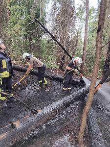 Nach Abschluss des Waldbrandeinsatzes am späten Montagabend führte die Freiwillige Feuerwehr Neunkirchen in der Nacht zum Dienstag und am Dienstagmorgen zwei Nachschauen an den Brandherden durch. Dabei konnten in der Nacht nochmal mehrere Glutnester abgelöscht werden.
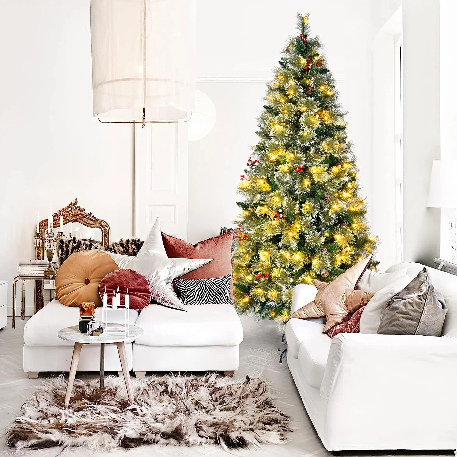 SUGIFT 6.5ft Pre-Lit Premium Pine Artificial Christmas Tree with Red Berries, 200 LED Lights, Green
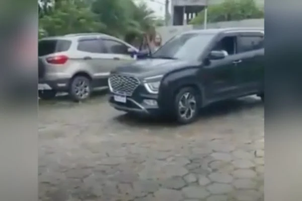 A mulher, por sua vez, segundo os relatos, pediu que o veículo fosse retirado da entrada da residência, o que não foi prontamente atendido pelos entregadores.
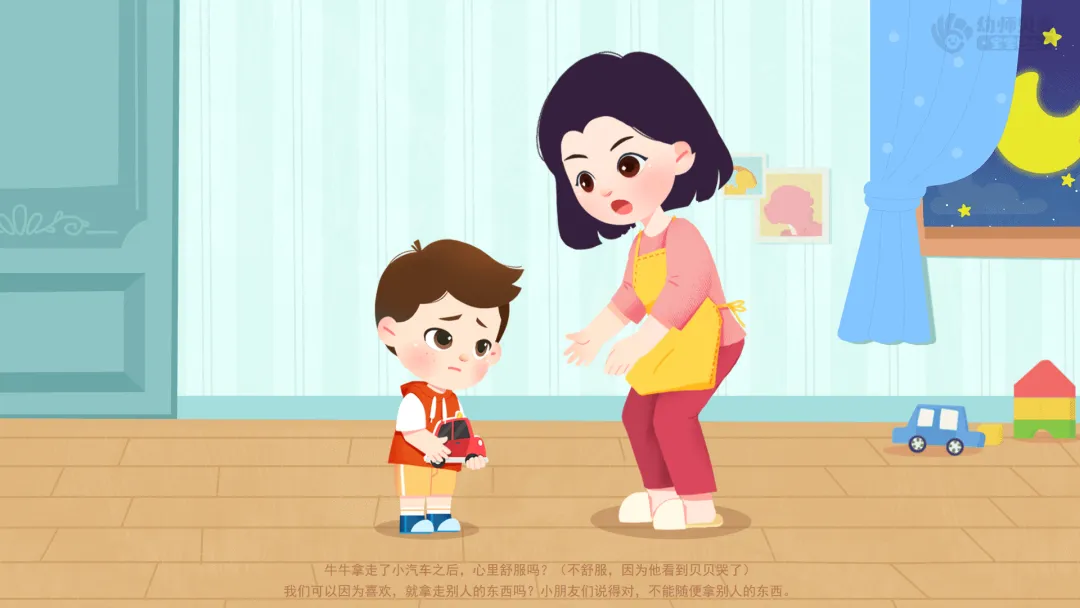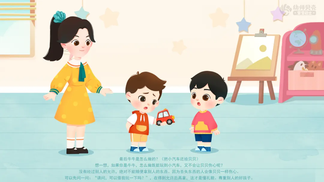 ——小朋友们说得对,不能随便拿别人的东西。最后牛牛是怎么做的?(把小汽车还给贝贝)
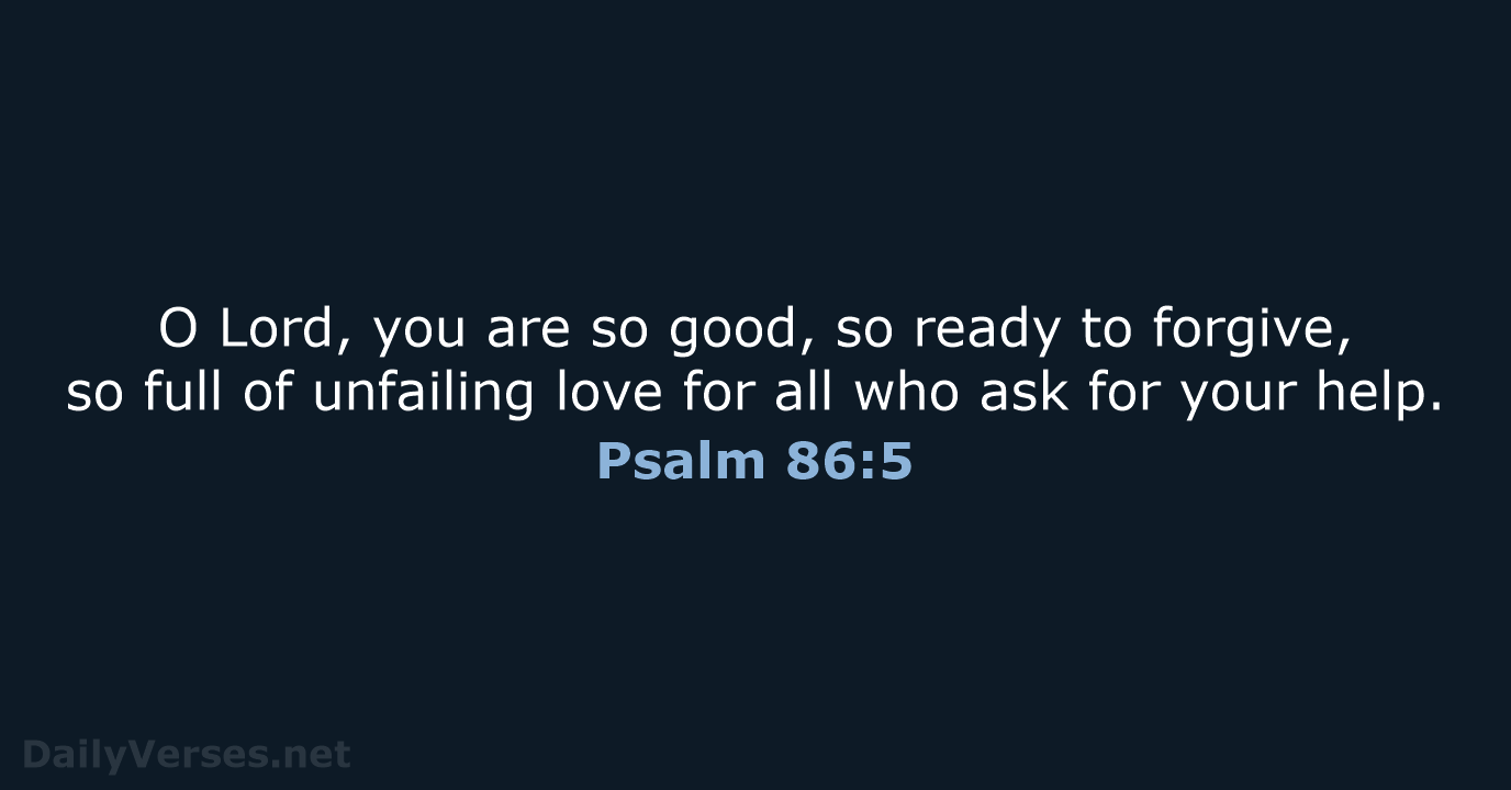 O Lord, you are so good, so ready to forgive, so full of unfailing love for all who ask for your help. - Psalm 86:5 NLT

========================================================================

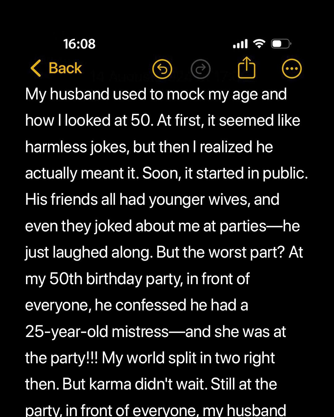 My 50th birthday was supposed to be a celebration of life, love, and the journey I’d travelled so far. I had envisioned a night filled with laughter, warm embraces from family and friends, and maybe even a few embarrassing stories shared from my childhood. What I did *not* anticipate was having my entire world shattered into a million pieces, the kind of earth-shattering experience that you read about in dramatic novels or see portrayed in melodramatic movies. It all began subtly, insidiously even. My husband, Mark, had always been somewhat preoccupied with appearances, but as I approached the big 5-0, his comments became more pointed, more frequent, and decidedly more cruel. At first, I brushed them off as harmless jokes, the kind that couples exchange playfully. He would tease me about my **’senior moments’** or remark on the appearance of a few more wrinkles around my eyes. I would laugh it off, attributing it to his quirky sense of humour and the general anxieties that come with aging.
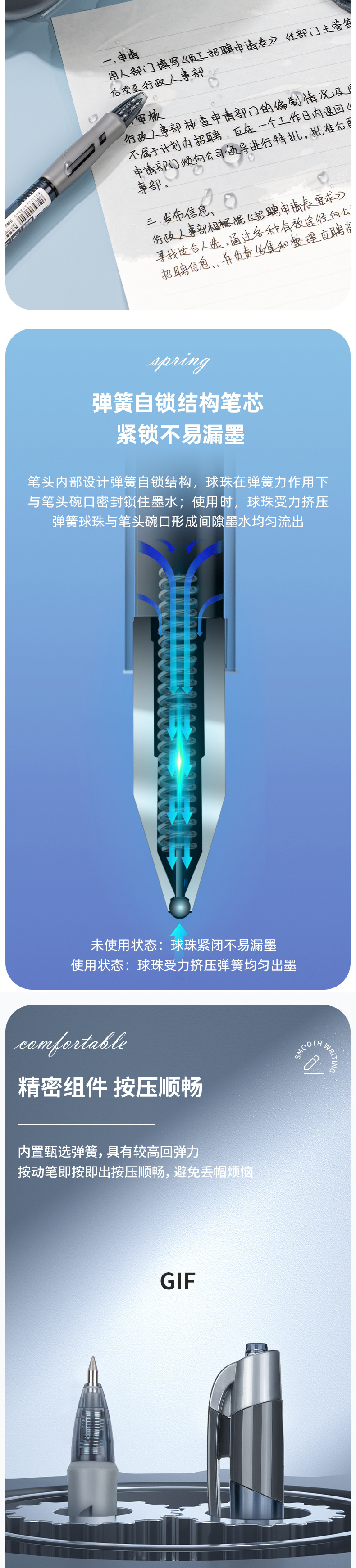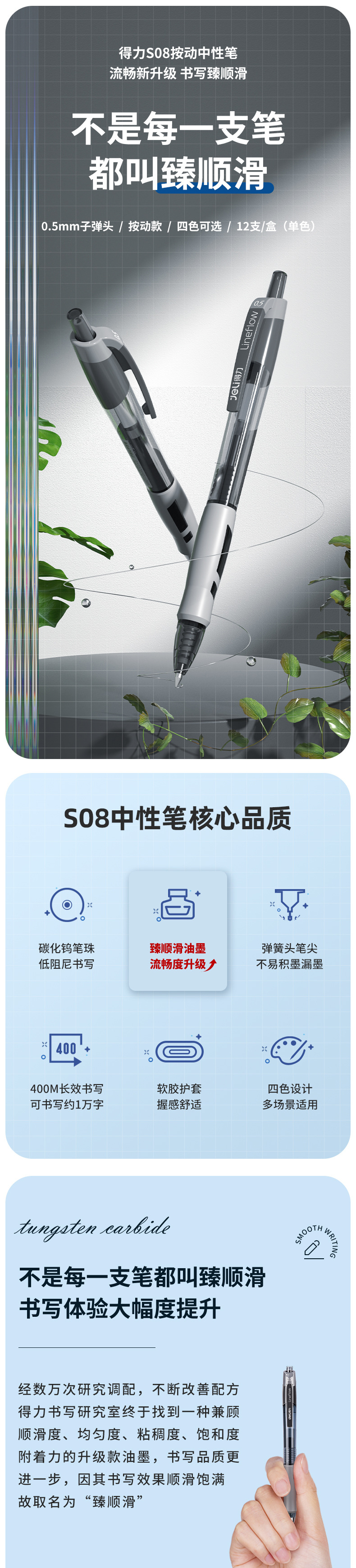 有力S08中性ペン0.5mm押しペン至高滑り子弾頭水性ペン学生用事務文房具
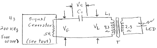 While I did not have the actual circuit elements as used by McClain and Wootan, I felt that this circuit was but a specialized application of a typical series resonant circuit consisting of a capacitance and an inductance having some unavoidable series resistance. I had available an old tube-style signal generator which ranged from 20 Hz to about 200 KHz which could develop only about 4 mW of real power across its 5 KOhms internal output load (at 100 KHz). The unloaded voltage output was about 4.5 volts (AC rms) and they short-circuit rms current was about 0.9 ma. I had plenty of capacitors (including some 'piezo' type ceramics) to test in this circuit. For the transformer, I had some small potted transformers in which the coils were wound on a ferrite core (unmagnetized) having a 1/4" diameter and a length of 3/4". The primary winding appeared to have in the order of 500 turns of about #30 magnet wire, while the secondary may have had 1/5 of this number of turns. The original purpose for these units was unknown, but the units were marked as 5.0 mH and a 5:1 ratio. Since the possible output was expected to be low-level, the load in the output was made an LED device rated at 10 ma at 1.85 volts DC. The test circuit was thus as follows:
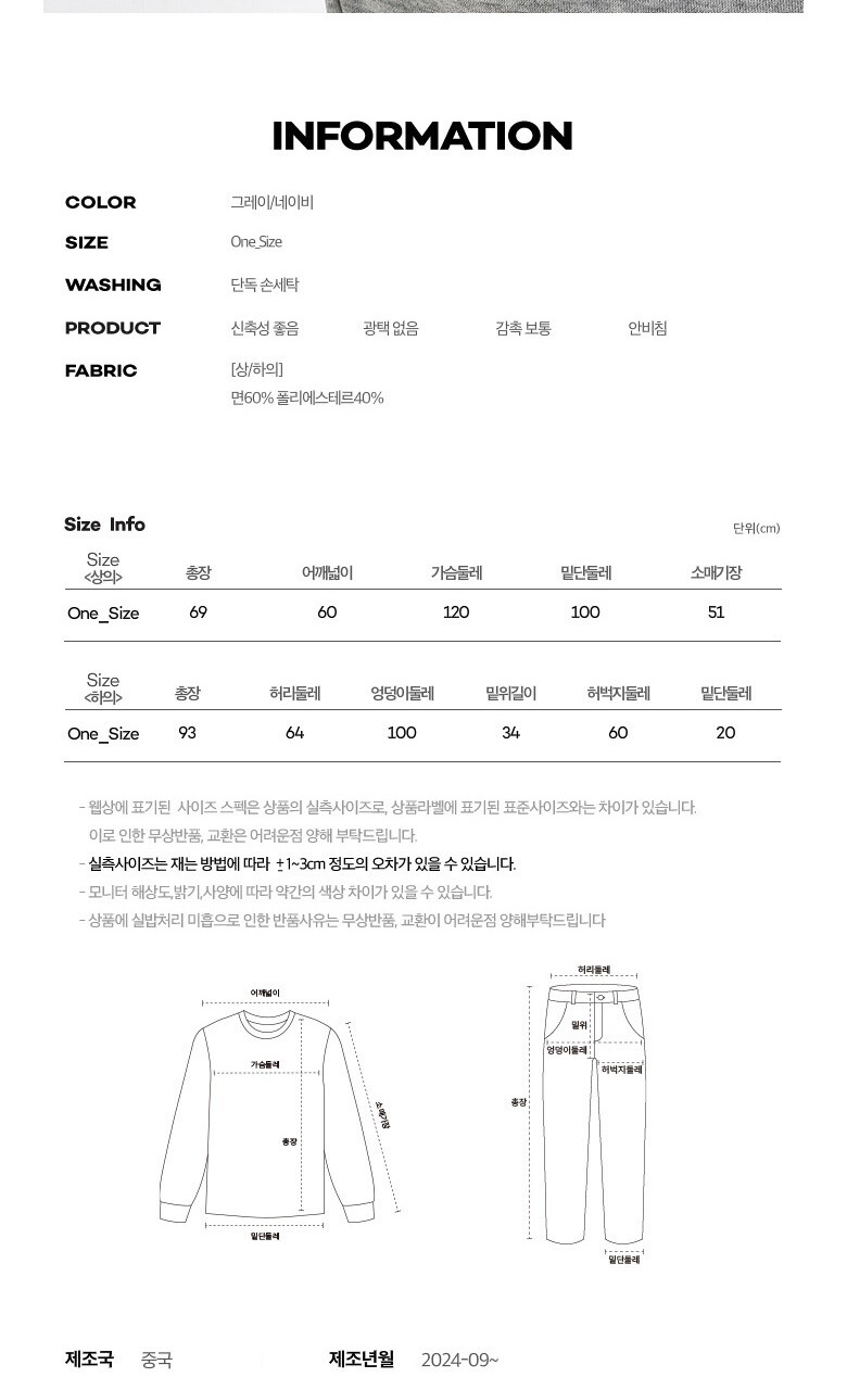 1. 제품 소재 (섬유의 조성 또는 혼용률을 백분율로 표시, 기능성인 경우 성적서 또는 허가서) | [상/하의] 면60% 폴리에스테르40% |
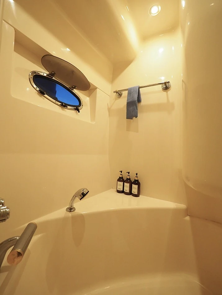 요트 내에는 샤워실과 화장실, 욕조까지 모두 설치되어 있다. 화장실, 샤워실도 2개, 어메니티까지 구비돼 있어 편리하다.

========================================================================

▶ _TASK ITEM_
How would the lines above read from the one with "Nach Abschluss des" to the one with "O Lord, you", inclusive, with no pictures? Write them out exactly.

▶ _TASK RESULT_
 Nach Abschluss des Waldbrandeinsatzes am späten Montagabend führte die Freiwillige Feuerwehr Neunkirchen in der Nacht zum Dienstag und am Dienstagmorgen zwei Nachschauen an den Brandherden durch. Dabei konnten in der Nacht nochmal mehrere Glutnester abgelöscht werden.
 SUGIFT 6.5ft Pre-Lit Premium Pine Artificial Christmas Tree with Red Berries, 200 LED Lights, Green
 A mulher, por sua vez, segundo os relatos, pediu que o veículo fosse retirado da entrada da residência, o que não foi prontamente atendido pelos entregadores.
 ——小朋友们说得对,不能随便拿别人的东西。最后牛牛是怎么做的?(把小汽车还给贝贝)
 O Lord, you are so good, so ready to forgive, so full of unfailing love for all who ask for your help. - Psalm 86:5 NLT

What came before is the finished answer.